Case ID: mass_305/html/0265-01.html
Source: Caselaw Access Project
Author: {"author": "Lummus, J.", "license": "Public Domain", "url": "https://static.case.law/"}
Date Created: 2024-08-24T03:29:51.129683

Mary L. Robitaille vs. Netoco Community Theatre of North Attleboro, Inc. Joseph A. Robitaille vs. Same.
    Bristol.
    October 25, 1939.
    February 26, 1940.
    Present: Field, C.J., Lummus, Qua, Dolan, & Cox, JJ.
    
      Evidence, Competency.
    In an action for personal injuries sustained in a fall on a stairway of the defendant’s premises, where an issue was whether a thick carpet on the stairway was loose at the time of the plaintiff’s fall because the tacks fastening it had pulled out, evidence that two or three weeks previously other persons had fallen at the same spot and the carpet afterwards had been found to be loose from pulling out of the tacks was inadmissible, even in the discretion of the trial judge, without evidence that the conditions existing were the same at the time of the plaintiff’s fall and at the time of the previous falls.
    Two actions of tort. Writs in the Superior Court dated February 15, 1932.
    At the trial before Sheehan, J., there were verdicts for the plaintiffs in the sums, respectively, of $2,800 and $230. The defendant alleged exceptions.
    The cases were submitted on briefs.
    
      T. F. O’Brien, for the defendant.
    
      E. R. McCormick & A. J. Kinion, for the plaintiffs.
   Lummus, J.

The first action is brought for personal injuries by a woman who will be called the plaintiff. The second is brought by her husband for consequential damages. Each obtained a favorable verdict.

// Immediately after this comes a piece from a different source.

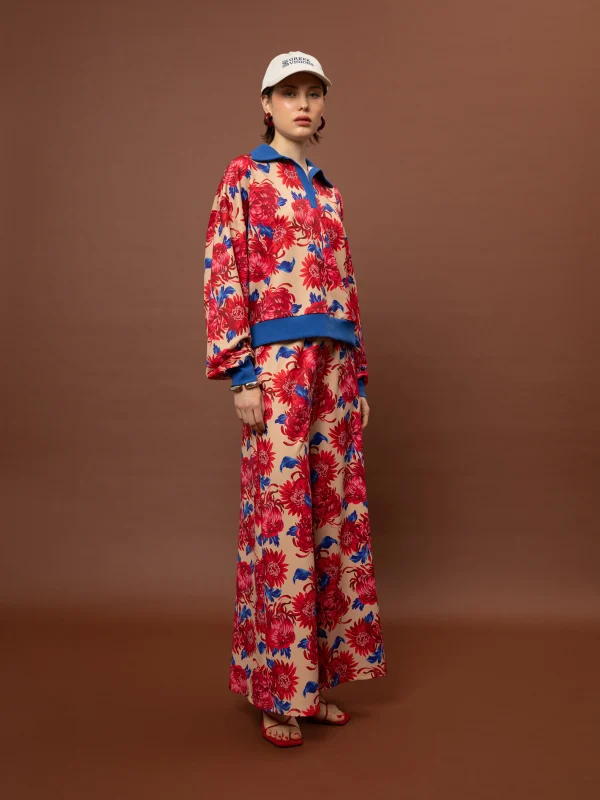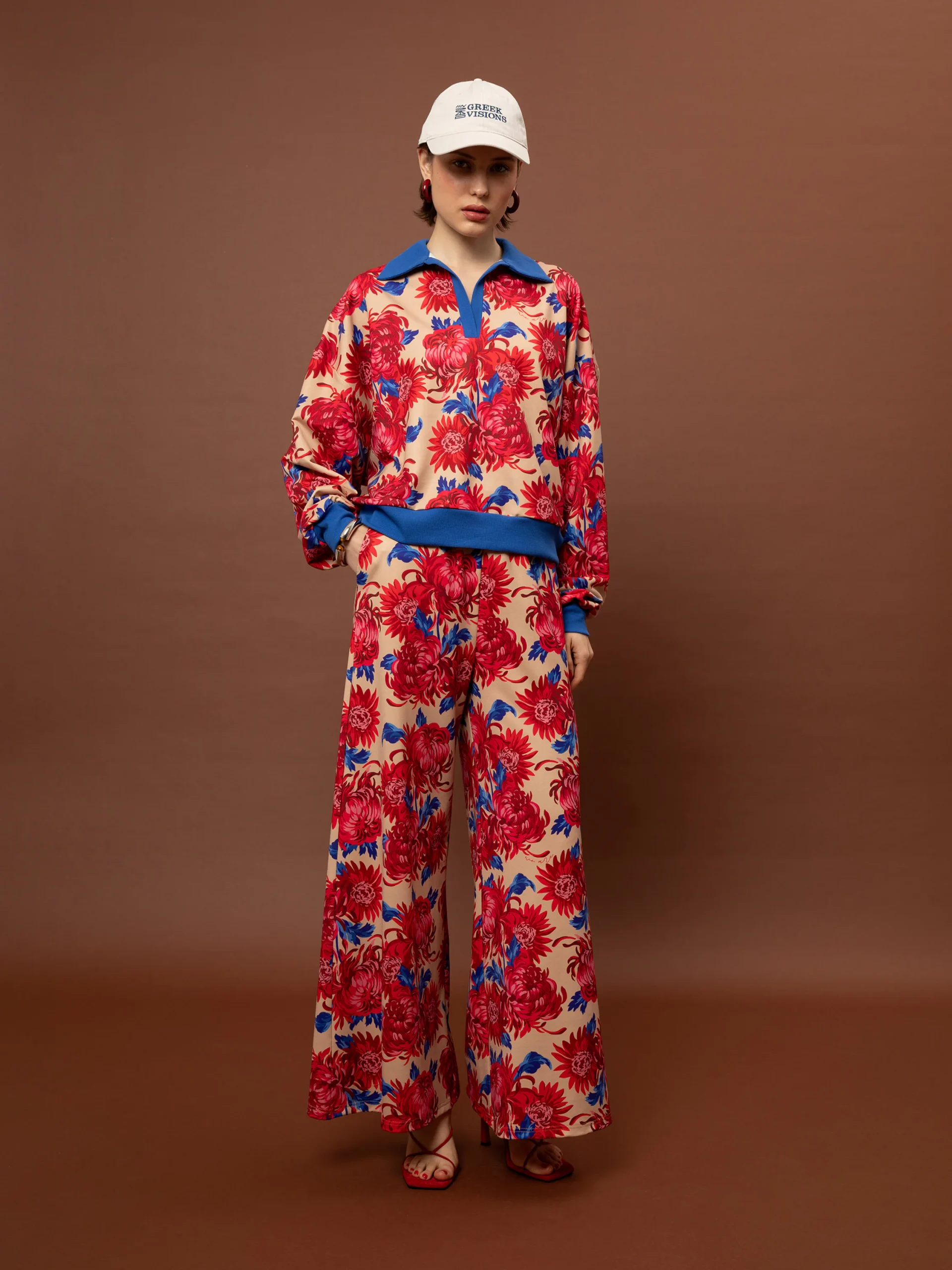 Το Futter Track Pants – Chrysanthema Beige της We Are συνδυάζει άνεση και έντονη αισθητική μέσα από ένα εντυπωσιακό floral μοτίβο σε μπεζ φόντο με κόκκινα και μπλε άνθη. Η καλοκαιρινή υφή φούτερ υφάσματος προσφέρει ελαφριά αίσθηση και άνετη εφαρμογή, ενώ η ψηλόμεση γραμμή και τα φαρδιά μπατζάκια δημιουργούν ένα σύγχρονο relaxed silhouette.

There was evidence that while attending the defendant’s theatre the plaintiff had occasion to go down stairs; that the carpet on the stairs, which was nearly half an inch thick and fastened by tacks only half an inch long, was loose, because of the pulling out of the tacks, and slipped under her feet, with the result that she fell on her back and was hurt. Witnesses for the defendant testified that the carpet was not loose but was securely fastened. The existence and dangerous nature of the alleged defect constituted, therefore, an important issue.

The judge, over the defendant’s exception, admitted evidence that two or three weeks before the plaintiff’s injury two girls fell at the same spot. After they fell the tacks fastening the carpet were found to have been pulled out, and the carpet was found to be loose. It was not shown that the looseness existing at that time continued until the time of the plaintiff’s injury. On the contrary, the evidence was that it had been repaired in the meantime by fastening the carpet again with tacks. It will be noticed that the evidence admitted was not merely that on an earlier occasion the carpet had become loose under travel, which might have been admissible to show that the tacks used were insufficient to fasten it. The evidence admitted was of a similar fall sustained by other persons because of the loose condition of the carpet at a different time.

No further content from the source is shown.